● WHAT THE TASK ASKS:
Please retype the listing exactly as it appears, skipping each picture.

● GIVEN INFORMATION:

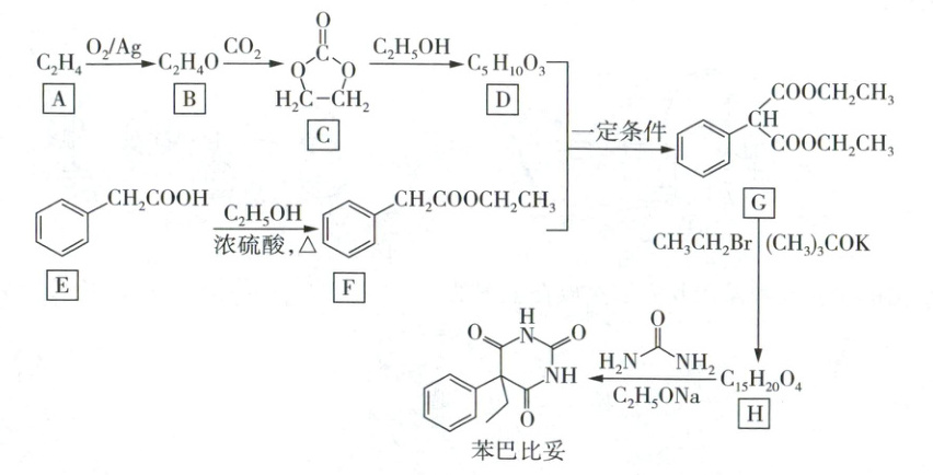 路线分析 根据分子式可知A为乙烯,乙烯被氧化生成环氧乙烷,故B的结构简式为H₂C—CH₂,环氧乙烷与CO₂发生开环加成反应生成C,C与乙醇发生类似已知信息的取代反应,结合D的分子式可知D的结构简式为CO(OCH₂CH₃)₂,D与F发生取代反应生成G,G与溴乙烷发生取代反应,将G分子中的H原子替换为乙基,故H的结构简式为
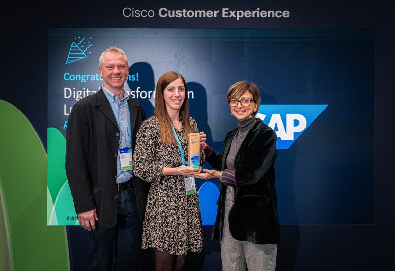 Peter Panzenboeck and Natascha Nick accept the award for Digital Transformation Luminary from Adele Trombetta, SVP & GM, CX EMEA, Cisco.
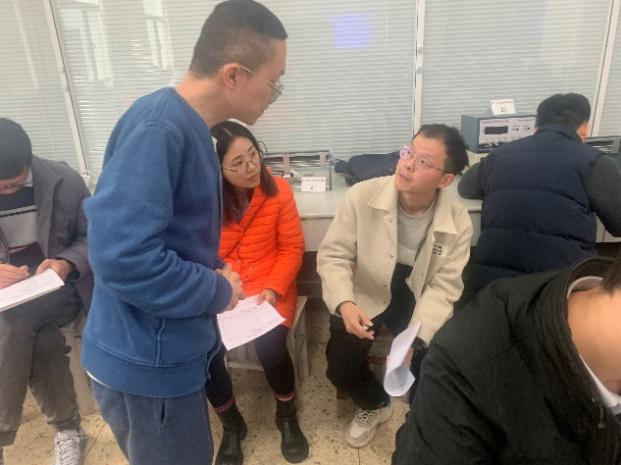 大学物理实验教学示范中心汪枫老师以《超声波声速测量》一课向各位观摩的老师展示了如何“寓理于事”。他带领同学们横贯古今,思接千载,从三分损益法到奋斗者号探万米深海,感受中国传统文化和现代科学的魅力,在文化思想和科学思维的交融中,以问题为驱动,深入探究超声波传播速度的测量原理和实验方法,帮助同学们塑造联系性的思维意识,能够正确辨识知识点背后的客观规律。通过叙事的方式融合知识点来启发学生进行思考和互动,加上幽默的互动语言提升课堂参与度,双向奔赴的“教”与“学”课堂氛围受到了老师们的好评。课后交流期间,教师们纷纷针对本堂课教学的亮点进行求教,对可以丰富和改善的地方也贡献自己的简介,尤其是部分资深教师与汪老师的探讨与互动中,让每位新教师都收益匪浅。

● RESPONSE BOX:
 路线分析 根据分子式可知A为乙烯,乙烯被氧化生成环氧乙烷,故B的结构简式为H₂C—CH₂,环氧乙烷与CO₂发生开环加成反应生成C,C与乙醇发生类似已知信息的取代反应,结合D的分子式可知D的结构简式为CO(OCH₂CH₃)₂,D与F发生取代反应生成G,G与溴乙烷发生取代反应,将G分子中的H原子替换为乙基,故H的结构简式为
 Peter Panzenboeck and Natascha Nick accept the award for Digital Transformation Luminary from Adele Trombetta, SVP & GM, CX EMEA, Cisco.
 大学物理实验教学示范中心汪枫老师以《超声波声速测量》一课向各位观摩的老师展示了如何“寓理于事”。他带领同学们横贯古今,思接千载,从三分损益法到奋斗者号探万米深海,感受中国传统文化和现代科学的魅力,在文化思想和科学思维的交融中,以问题为驱动,深入探究超声波传播速度的测量原理和实验方法,帮助同学们塑造联系性的思维意识,能够正确辨识知识点背后的客观规律。通过叙事的方式融合知识点来启发学生进行思考和互动,加上幽默的互动语言提升课堂参与度,双向奔赴的“教”与“学”课堂氛围受到了老师们的好评。课后交流期间,教师们纷纷针对本堂课教学的亮点进行求教,对可以丰富和改善的地方也贡献自己的简介,尤其是部分资深教师与汪老师的探讨与互动中,让每位新教师都收益匪浅。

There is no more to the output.